Step 2: Visual verification

Always sanity-check the extracted segment:

# Play back and confirm it's the right demo
ros2 bag play demo.mcap

# Or quick stats check
ros2 bag info demo.mcap
# Verify: duration matches expected, topics present, no gaps

Why both? Markers can fail (gateway hiccup, missed message, duplicate session IDs from testing). A 30-second visual spot-check catches these before wasting hours training on garbage.

Fallback when markers are missing:

If markers didn't make it into the bag (gateway down, topic not subscribed, etc.), use the UI timestamps as a rough guide:

# UI says demo was 14:30-14:35 (laptop time)
# Robot clock might be off by minutes — extract a wide window

ros2 bag info robot_log.mcap
# → Start: 2026-03-15T14:28:00  End: 2026-03-15T16:45:00

# Extract generous window
ros2 bag filter robot_log.mcap -o candidate.mcap \
  --start 2026-03-15T14:25:00 --end 2026-03-15T14:40:00

# Visually find the actual demo, note the real timestamps, re-extract tight
ros2 bag play candidate.mcap

Handling Startup/Shutdown Lag

Reality: Operator clicks "Start" → takes 2-5 seconds to grab controller and begin demonstrating. The robot may already be in flight or moving autonomously.

Timeline (robot already moving):
  |---autonomous mode---|---operator demonstration---|---back to auto---|
  ^                      ^                           ^                  ^
                         UI start                    UI stop
                         marker                      marker
                         (operator takes over)       (operator releases)

The markers ARE the ground truth. Unlike stationary-start scenarios, trimming based on velocity isn't possible. The demonstration is everything between start/stop markers.

What the markers actually mean:

  • start: Operator has taken manual control (even if still orienting)
  • stop: Operator releases control back to autonomy (or lands/stops)

Include the "fumble time" — the first few seconds where operator is getting oriented is still valid training data.

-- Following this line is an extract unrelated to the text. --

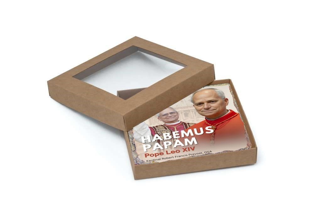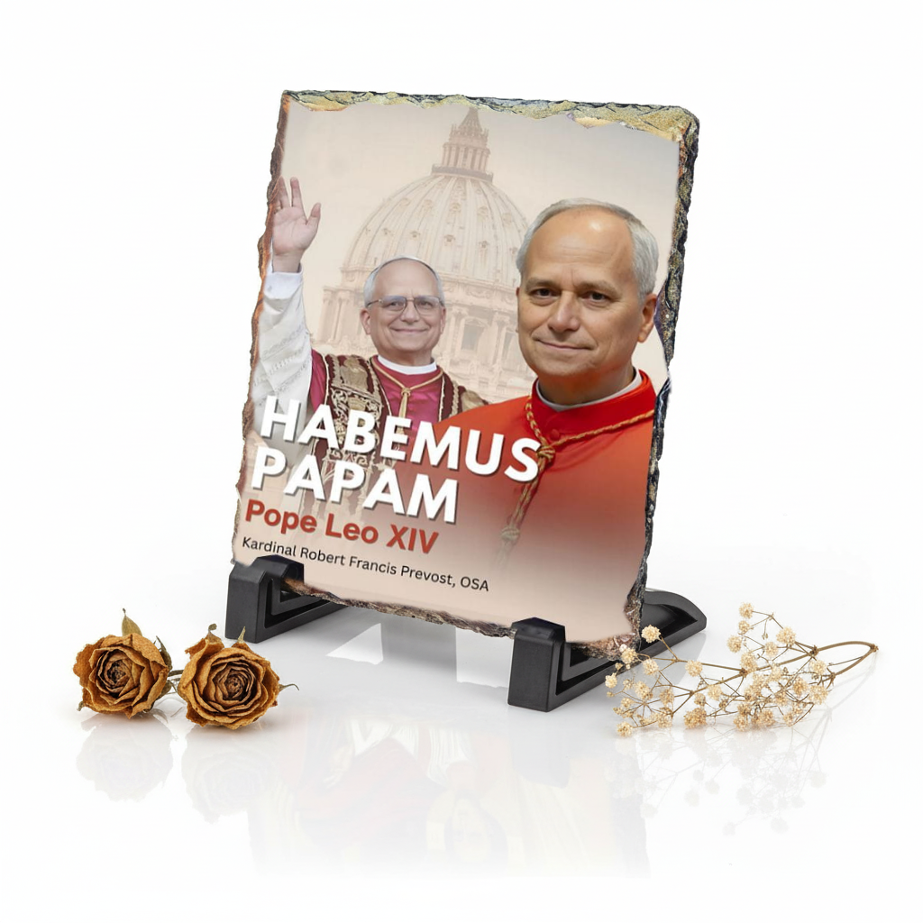 Obrazek religijny na granicie z wizerunkiem Papieża Leona XIV (Roberta Prevosta) wraz z inspirującym cytatem o nadziei.

It shows recovery, stabilization, and intent formation. Don't over-trim.

/openc2/session_marker
  - timestamp: (ROS2 clock)
  - event: "start" | "stop"  
  - session_id: "550e8400-..."
  - control_mode: "manual"   # What mode the robot should be in

Post-processing considerations:

# For aerial/continuous motion: use markers directly, minimal trimming
def extract_demonstration(bag, session_id):
    markers = get_markers(bag, session_id)
    start_time = markers['start']
    end_time = markers['stop']
    
    # Optional: add small buffer for context
    # But don't trim based on velocity — operator was demonstrating the whole time
    return extract_segment(bag, start_time - 0.5, end_time + 0.5)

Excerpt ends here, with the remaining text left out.